Artikkeliväitöskirja (G5)

Understanding the structure and meaning of Finnish texts: From corpus creation to deep language modelling

Julkaisun tekijätKanerva Jenna

KustantajaUniversity of Turku







Natural Language Processing (NLP) is a cross-disciplinary field combining elements of computer science, artificial intelligence, and linguistics, with the objective of developing means for computational analysis, understanding or generation of human language. The primary aim of this thesis is to advance natural language processing in Finnish by providing more resources and investigating the most effective machine learning based practices for their use. The thesis focuses on NLP topics related to understanding the structure and meaning of written language, mainly concentrating on structural analysis (syntactic parsing) as well as exploring the semantic equivalence of statements that vary in their surface realization (paraphrase modelling). While the new resources presented in the thesis are developed for Finnish, most of the methodological contributions are language-agnostic, and the accompanying papers demonstrate the application and evaluation of these methods across multiple languages.

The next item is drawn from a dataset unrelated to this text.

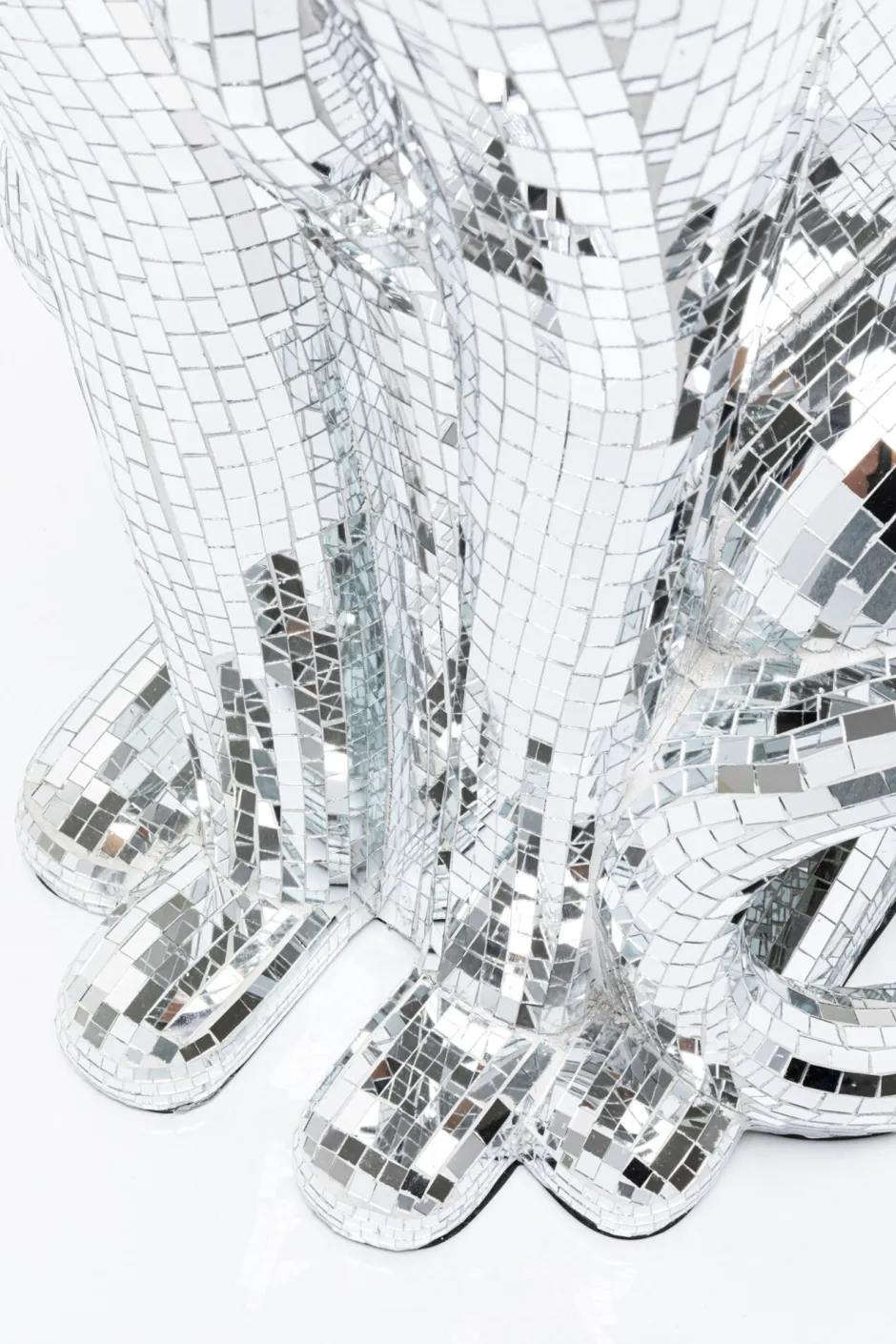 - Große Dekofigur Panther mit silbernem Mosaik, 150 x 68 x 50 Zentimeter (H/B/T)

The first set of contributions of this thesis revolve around the development of a state-of-the-art Finnish dependency parsing pipeline. Firstly, the necessary Finnish training data was converted to the Universal Dependencies scheme, integrating Finnish into this important treebank collection and establishing the foundations for Finnish UD parsing. Secondly, a novel word lemmatization method based on deep neural networks is introduced and assessed across a diverse set of over 50 languages. And finally, the overall dependency parsing pipeline is evaluated on a large number of languages, securing top ranks in two competitive shared tasks focused on multilingual dependency parsing. The overall outcome of this line of research is a parsing pipeline reaching state-of-the-art accuracy in Finnish dependency parsing, the parsing numbers obtained with the latest pre-trained language models approaching (at least near) human-level performance.

The achievement of large language models in the area of dependency parsing— as well as in many other structured prediction tasks— brings up the hope of the large pre-trained language models genuinely comprehending language, rather than merely relying on simple surface cues. However, datasets designed to measure semantic comprehension in Finnish have been non-existent, or very scarce at the best. To address this limitation, and to reflect the general change of emphasis in the field towards task more semantic in nature, the second part of the thesis shifts its focus to language understanding through an exploration of paraphrase modelling. The second contribution of the thesis is the creation of a novel, large-scale, manually annotated corpus of Finnish paraphrases. A unique aspect of this corpus is that its examples have been manually extracted from two related text documents, with the objective of obtaining non-trivial paraphrase pairs valuable for training and evaluating various language understanding models on paraphrasing. We show that manual paraphrase extraction can yield a corpus featuring pairs that are both notably longer and less lexically overlapping than those produced through automated candidate selection, the current prevailing practice in paraphrase corpus construction. Another distinctive feature in the corpus is that the paraphrases are identified and distributed within their document context, allowing for richer modelling and novel tasks to be defined.